Methods: A systematic review of quantitative evidence from observational cohort studies will be performed. MEDLINE, Embase, and Global Health electronic databases will be searched for relevant studies published from March 2004 to December 2019. Two investigators will independently screen the search output, review the eligible studies, and assess the quality of the eligible studies using quality assessment tools of the National Heart Lung and Blood Institute. Random-effects meta-analysis will be used to obtain summary estimates. Heterogeneity across studies will be assessed using the I statistic. The confidence in the summary estimates will be rated using the Grading of Recommendations, Assessment, Development and Evaluation (GRADE) approach. The final review will be reported following the guidelines of the Preferred Reporting System for Systematic Reviews and Meta-analysis, presented at scientific conferences and published in a peer-reviewed journal.

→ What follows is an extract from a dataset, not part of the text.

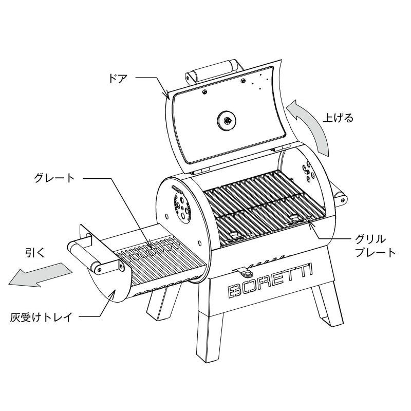 本体サイズ:W57×D39×H52cm グリル面:W40×D30cm 重量:15.0kg 材質:【本体】スチール、【グリルプレート】鋳鉄(ホーロー仕上げ) 燃料:炭、ブリケット 組立式 中国製

Discussion: This study is expected to report the performance of integrated TB/HIV treatment programs as regards their potential to uphold successful MDR-TB treatment outcomes in LMICs. Furthermore, the review will indicate patient-related and healthcare-related factors that should be addressed to improve on survival of patients with MDR-TB/HIV co-infection in LMICs.

Systematic Review Registration: This review has been registered with the International Prospective Register of Systematic Reviews and the reference ID is CRD42020159745.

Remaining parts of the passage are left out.